The machine does not rely on implicit conversational drift to change phases. Transitions are checked against a declared contract and executed through the CLI, which is responsible for validating preconditions, applying effects, and updating persisted state. This makes the finite-state structure operational rather than metaphorical. [2][5]
The sub-agent prompt seen by the operator is not an opaque mixture of YAML prose. Inquiry CLI assembles it explicitly as APE identity from assets/apes/<name>.yaml, phase-owned operational contract from assets/fsm/states/<state>.yaml, and runtime inquiry-context. iq ape prompt prints that exact effective prompt. Standard APE YAMLs stay identity-first; DARWIN is the only bounded exception and keeps only abstract-process methodology while EVOLUTION owns repository procedure. [2][4][5]
The system coordinates through persisted artifacts rather than agent-to-agent hidden memory. At minimum, the cycle relies on:
.inquiry/state.yamlfor current phase and task identity.inquiry/config.yamlfor cycle options such as evolution enablement.inquiry/mutations.mdfor human observations relevant to DARWINcleanrooms/<issue>/analyze/diagnosis.mdas the contract between ANALYZE and PLANcleanrooms/<issue>/plan.mdas the contract between PLAN and EXECUTE
This keeps the orchestration inspectable from the repository itself.

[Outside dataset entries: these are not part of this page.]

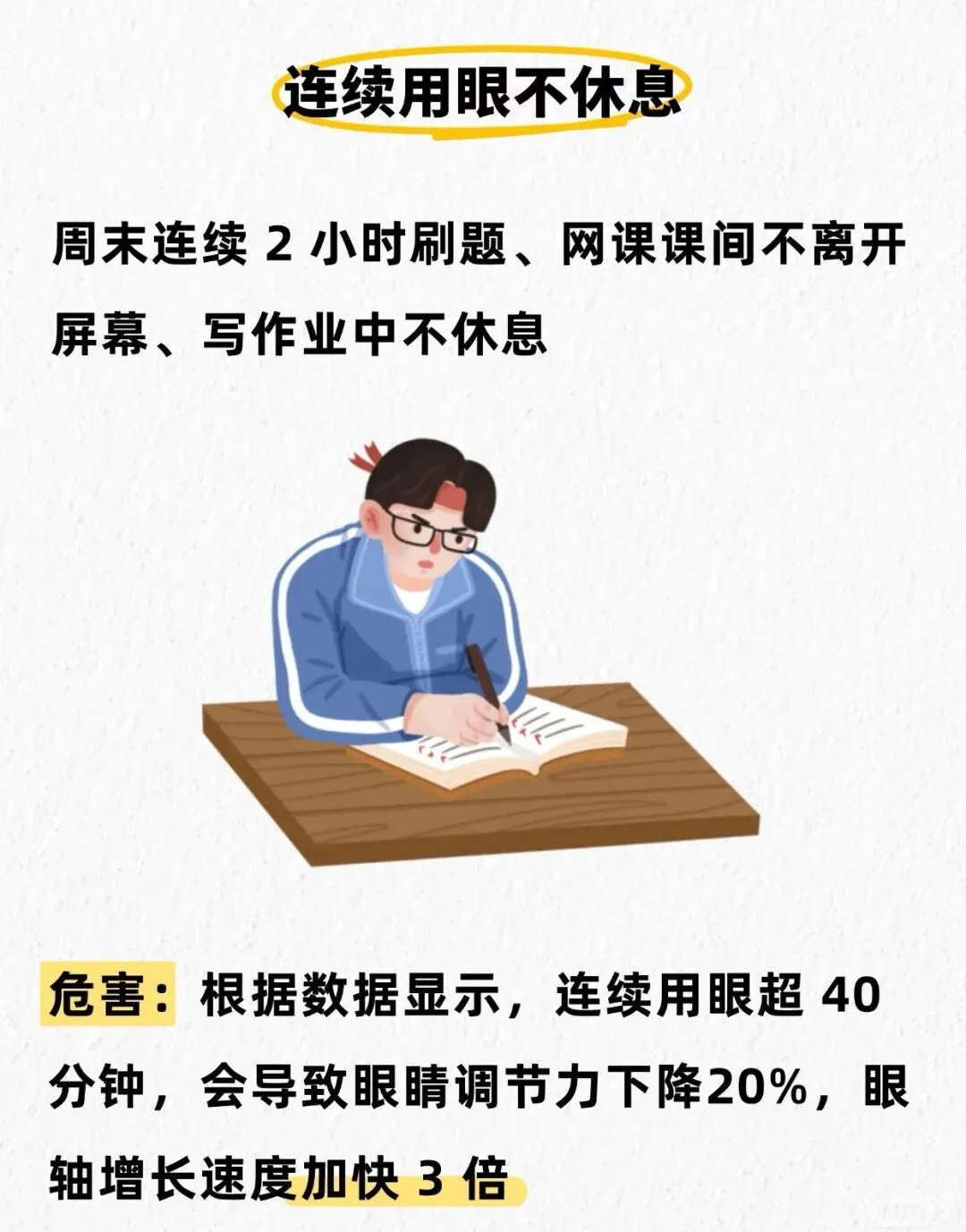 ⚠️危害:根据数据显示,连续用眼超40分钟,会导致眼睛调节力下降20%,眼轴增长速度加快3倍❗️
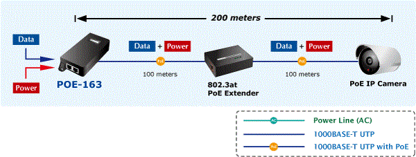 Is a 100-meter cable long enough for a wide range of IP Surveillance deployments? The answer is certainly not. To achieve the benefits of IP surveillance and also the long-distance IP camera distribution, the POE-163 and PLANET PoE Extender -- POE-E201 -- can be a quick and cost-effective option. In the simplest application, the PoE Extender enables a PoE IP camera to be installed up to 200 meters away from the POE-163. The POE-163 delivers PoE power over the first 100 meters to the PoE Extender over UTP cable, and then the PoE Extender forwards the Ethernet data and remaining POE power to the remote PoE IP camera.
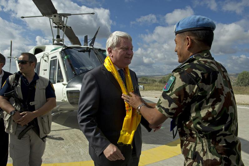 Under Secretary-General for Peacekeeping Herve Ladsous is welcomed by a UNIFIL Nepalese peacekeeper at the start of his Blue Line tour.
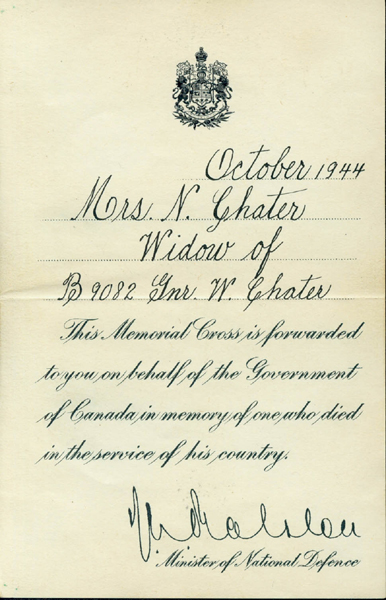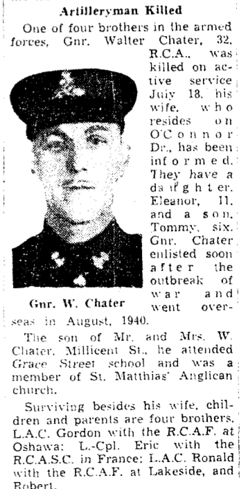 Son of Walter and Eleanor Chater, of Toronto, Ontario. Husband of Norma J. Chater, of Toronto, Ontario.

Finite APE Machine borrows the RTOS analogy to explain scheduling, waiting, event signaling, and task dispatch. The analogy is architectural, not literal: the system behaves like a scheduler with event-driven coordination, but it is not an operating-system kernel.
Finite APE Machine structures collaboration across three recurring perspectives:
| Perspective | Acronym | Dominant states | Practical meaning |
|---|---|---|---|
| Agent-Aided Design | AAD | ANALYZE | Human intention is clarified with AI assistance |
| Agent-Aided Engineering | AAE | PLAN | The work is decomposed, verified, and ordered |
| Agent-Aided Manufacturing | AAM | EXECUTE + END | The approved plan is carried into implementation and delivery |
DARWIN operates after delivery as the meta-learning layer that evaluates the cycle itself instead of the product alone.
This document is the primary technical overview of the current finite-state system. Supporting documents elaborate particular aspects of that overview:
- agent-lifecycle.md defines the current agent registry and state responsibilities.
- cooperative-multitasking-model.md explains the scheduler/task analogy and two-level FSM model.
- signal-based-coordination.md explains event and signal routing.
- ../architecture.md explains the end-to-end system at repository scale.
- ../roadmap.md explains where the live system should go next.
Earlier repository documents described a larger and more granular roster including MARCOPOLO, VITRUVIUS, SUNZI, GATSBY, ADA, DIJKSTRA, BORGES, and HERMES as active architectural roles. That material remains historical context, but it should not be read as the current active model of the Finite APE Machine. The current model is the sharper scheduler-plus-phase-agent structure described above.